Now, the way things are is that some people enjoy enacting femininity. You will be shocked but many of us enjoy it not because we want to attract men* but simply because we enjoy it. I, for one, definitely don’t want to attract anybody because I’m in a very happy ultra-monogamous relationship and my partner adores me no matter how I look, what I wear, and what gender identity I choose to enact at any given moment. I know there is a crowd of pseudo-feminists who will rush to suggest that I’m too stupid to understand my own enslavement. For them, enacting femininity is always about pleasing some guy. This says a lot about them and nothing about me.
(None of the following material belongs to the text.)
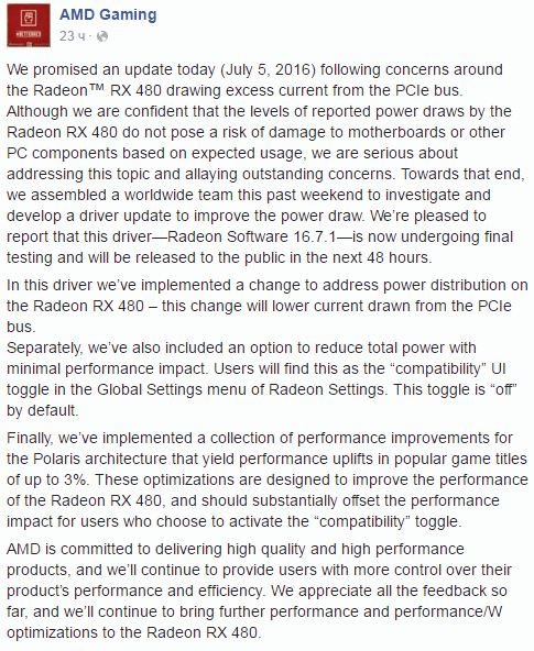 AMD has tried to quickly respond to the accusations of excessive energy of video cards Radeon RX 480. By the way, in a statement the new AMD representatives continue to maintain that all the experienced slot PCI Express motherboard power loads remain within the normal range.

Culturally, spending an hour doing my make-up and lying in a bath-tub for two hours with my favorite mask on is my way of stating that I have a right to my time. My number one priority in life is enjoying myself and I’ll be damned if I feel guilty for not serving anybody else’s needs every second of my life, as the preceding generations of Soviet women did. On a personal level, I just dig it.
It is perfectly OK not to enjoy enacting your femininity in a very traditional (or any other) way. A decision not to enact it, however, does not make you any more feminist. Just like the decision to do it doesn’t make you any less so.
*In case you don’t believe me, check out this post by a lesbian autistic who loves enacting femininity and sharing this experience with her trans girl-friend. I’m sure we can all agree that no male gaze is being targeted by this couple’s practice of femininity.